An identical experience awaits the servant who transforms the two talents that he has been given into two more. Significantly, the master doesn’t say, “So why didn’t you come up with five talents?”  Servants are accountable not for what they don’t have, but for what they do have. Are we willing to step up and step out, for God’s sake, with our gifts?
 
Then comes the drama.
 
The third servant says to the master, “I know that you are a hard man, harvesting where you have not sown and gathering where you have not scattered seed. So I was afraid [those are key words] and went out and hid your talent in the ground. See, here is what belongs to you.” 
 
It seems evident at this moment that the third servant expects applause. Or at least a participation trophy. His mission is accomplished: Despite everything that could possibly have gone wrong, at least he didn’t fail. He made sure of that.
 
What a shock he receives. The master erupts, “Why didn’t you at least put my money on deposit with the bankers, so that when I returned I would have received it back with interest?” 
 
Why is the master so disappointed? It’s not because the servant was a management failure.

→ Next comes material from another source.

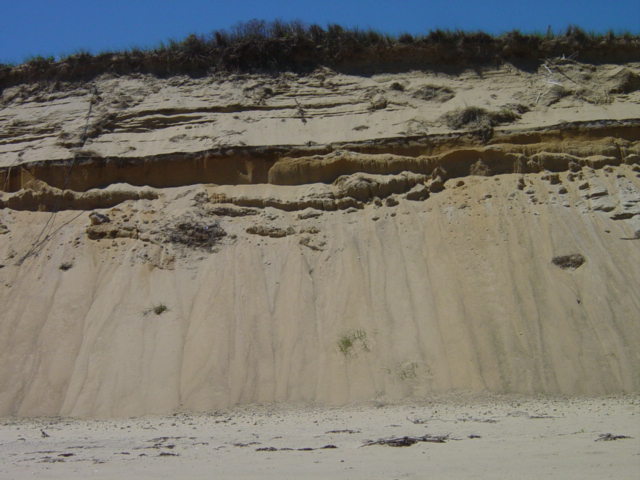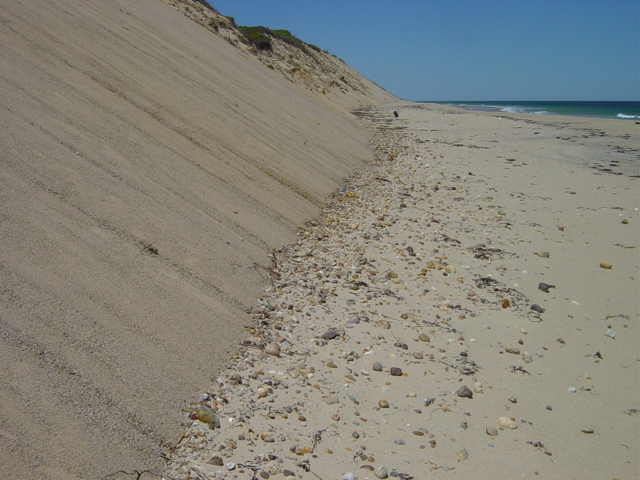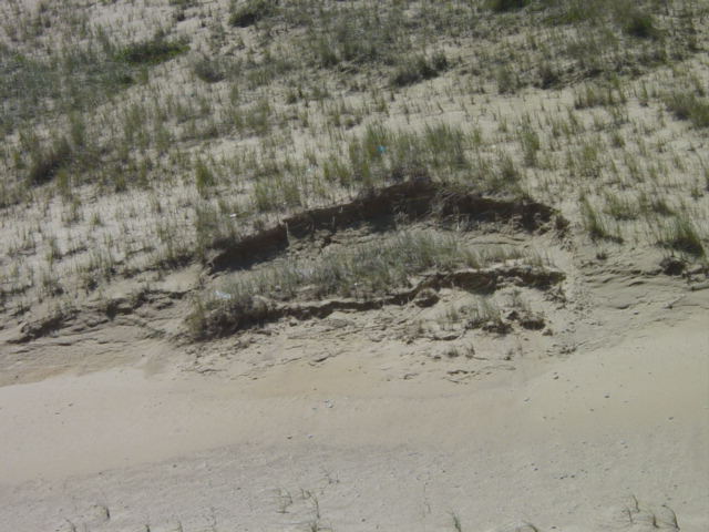 | Notice the dust blowing off this exposed ridge. Not only does wave action undermine the dune, but wind action constantly reshapes the face. | ||||
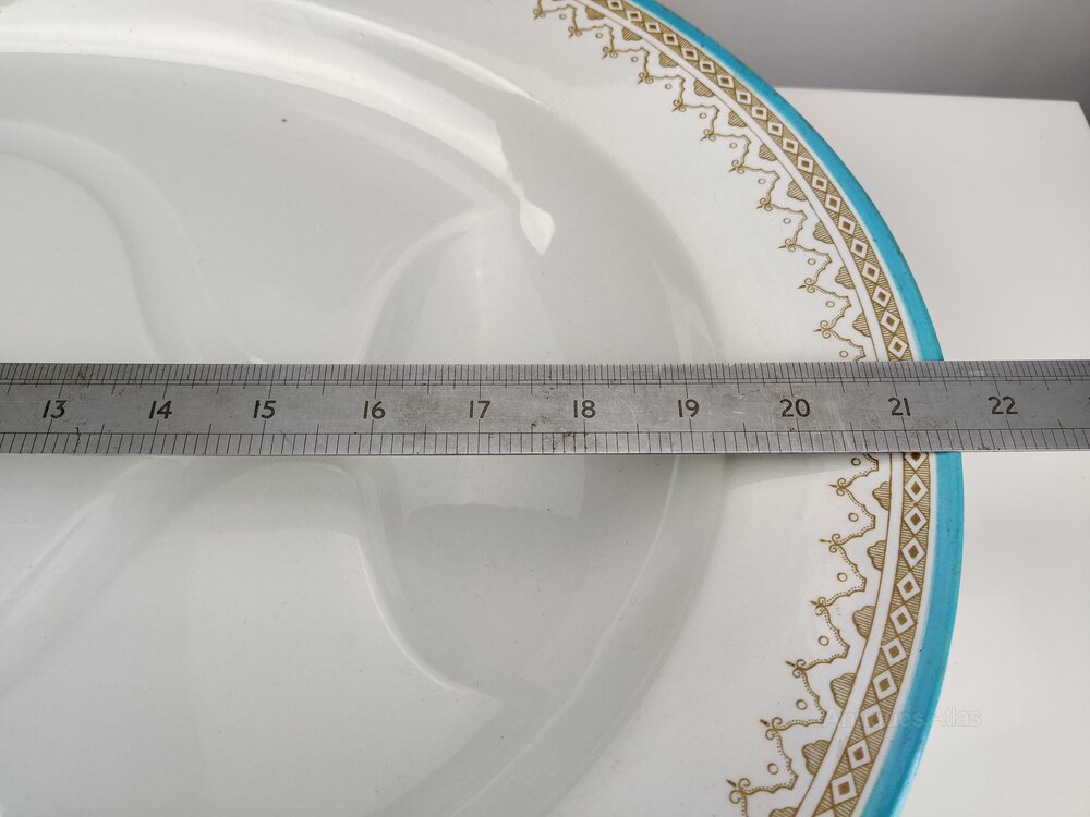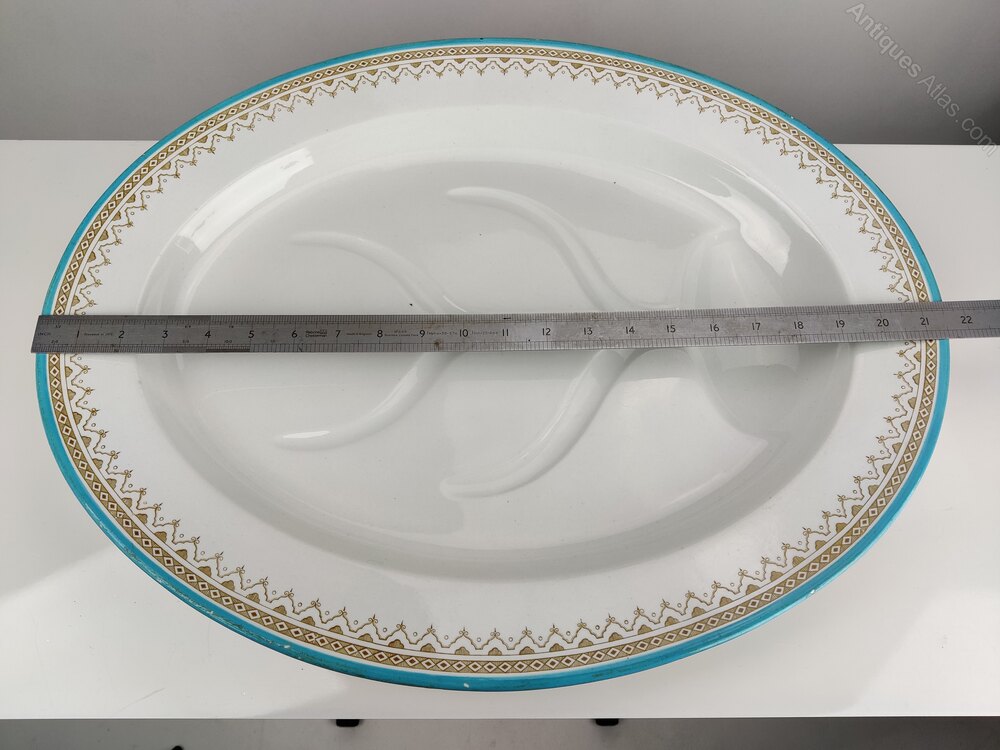 Smell the Sunday roast, or Christmas turkey... This beautiful large Royal Worcester meat plate is sure to 'meat' your needs... Good marks to the base with a lovely blue and gilt transfer border. In good condition with no chips or cracks. A beautiful piece which would grace any dining table!

In fact, failure would have been fine. Failure would have implied that some action had been taken. 
 
Instead, the third servant is rebuked for attempting nothing. Because he was afraid of taking a risk, he played it safe. He even rationalized that he had done the master a favor by not losing what he had been given – thereby failing to grasp that the essence of life is to risk the resources, opportunities, gifts, and challenges that God continues to place before us.
 
You’d think that God would most value those who play it safe and don’t take chances, who never get carried away by stepping out. But it isn’t so.
 
There is a Day coming, Jesus announces, when each of us is going to have a conversation with him as to what we did with our lives. The Apostles’ Creed puts it like this: “From there [from heaven] he will come to judge the living and the dead.”
 
In the traditional English rendering, which many of us still recite on Sunday mornings, Jesus is coming to judge “the quick and the dead.” That’s also thought to be the answer to the question, “What are the two groups who attempt to jaywalk across a busy highway?”
 
The word “quick” is an antiquated synonym for “alive.” Jesus will judge both those who are still alive at his Second Coming and those who have already died.
 
The very notion of God’s judgment is exceedingly unpopular. It goes against the grain of contemporary American culture, which asserts that each of us is the author of his or her own identity. We shape our own legacies. We are accountable to no one. 
 
Scripture counters with the declaration that there is a God, and it is not you. We are fully accountable to the One who creates us, sustains us, and redeems us – none of which we can accomplish in our own wisdom and strength.
 
What will be front and center in our judgment conversation with Christ?
 
At root, it’s whether we have stepped across the line of faith as expressed in verses like John 6:29: “This is the work of God, that you believe in him who he has sent.” That takes us all the way back to the opening words of the Creed: “I believe.”
 
When Jesus steps into the role of “master,” as described in the parable, he won’t be wowed by our resumes. Judgment is not just about the big decisions. 
 
What did we do with the myriad little decisions that comprised every day of our lives – the ones that even now are shaping our character? 
 
Fear whispers that God isn’t big enough to handle what we have to face today. He isn’t going to show up. We’re not really safe in God’s hands. 
 
But – steadied by a decision to abandon ourselves to Jesus as our ultimate security – we can choose to be brave. 
 
And where does that leave us? Don’t bury your talents. Don’t run from difficult moments. Otherwise, you will never find out whether God’s presence and power are all you really need. 
  
When you think about it, that’s the one thing in life truly worth finding out.
 
And, “Well done, good and faithful servant,” are the only words ultimately worth hearing.